The piste they had been following ran right into ice. The frozen shoreline was a jagged tangle of ice plates that were black or red or white or even blue, or a rich jade green— all piled together, as if a tidal wave had crushed Big Man’s butterfly collection, and left it strewn over a barren beach. Beyond it the frozen sea stretched right over the horizon.

After many seconds’ silence, Ann said, “They must have broken the Hellespontus aquifer. That was a really big one, and it would drain down to Low Point.”

“So the Hellas mohole must be flooded!” Yeli said.
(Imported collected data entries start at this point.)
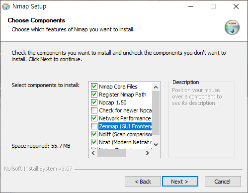 nmap setup4 저는 선택하지 않고 next를 눌렀습니다.
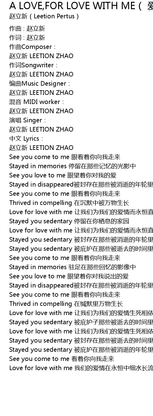 | [2:56] | Love for love with me 我们的爱情在永恒中细水长流 |
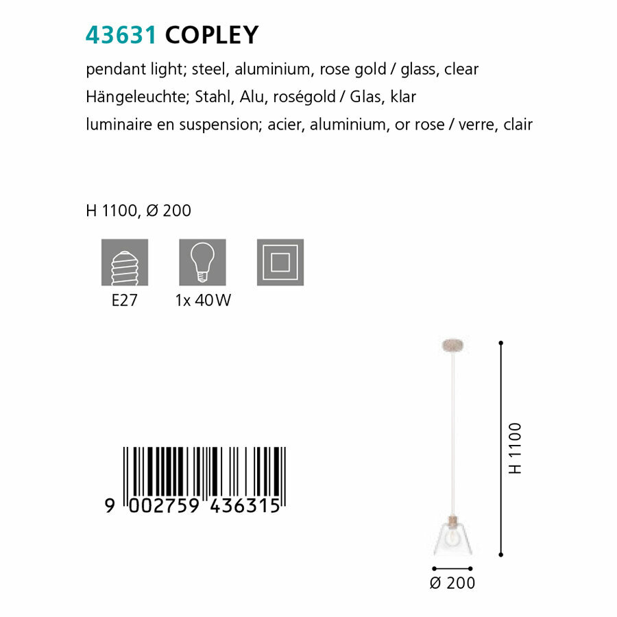 43631 Подвесной потолочный светильник (люстра) COPLEY, 1Х40W, E27, H1100, Ø200, сталь/алюминий/стекл

“That’s right. And the water at the bottom of it will heat up. Probably hot enough to keep the surface of the lake from freezing. Hard to say. The air is cold, but with the turbulence there might be a clear spot. If not, then right under the surface it will be liquid for sure. Must be some strong convection currents in fact. But the surface . . .”

Yeli said, “We’ll see pretty soon, we’re going to fly over it.”

“We should be landing,” Nadia observed.

“Well, we will when we can. Besides, things seem to be calming down a bit.”

“That’s just a function of being cut off from news.”

“Hmm.”

As it turned out they had to fly all the way across the lake, and land on the other side. It was an eerie morning, flying low across a shattered surface reminiscent of the Arctic Sea, except here the ice flows were frosting like an open freezer door, and they were colored across the whole spectrum, heavy on the reds of course, but this only made the occasional blues and greens and yellows stand out more vividly, the focal points of an immense, chaotic mosaic.

And there at its center— where, even flying as high as they were, the ice sea still extended to the horizon in every direction— there was an enormous steam cloud, rising thousands of meters into the air. Circling this cloud cautiously, they saw that the ice underneath it was broken into bergs and floes, floating tight-packed in roiling, steaming black water. The dirty bergs rotated, collided, turned turtle and caused thick walls of red-black water to splash upward; when these walls fell back down, waves expanded out in concentric circles, bobbing all the bergs up and down as they passed.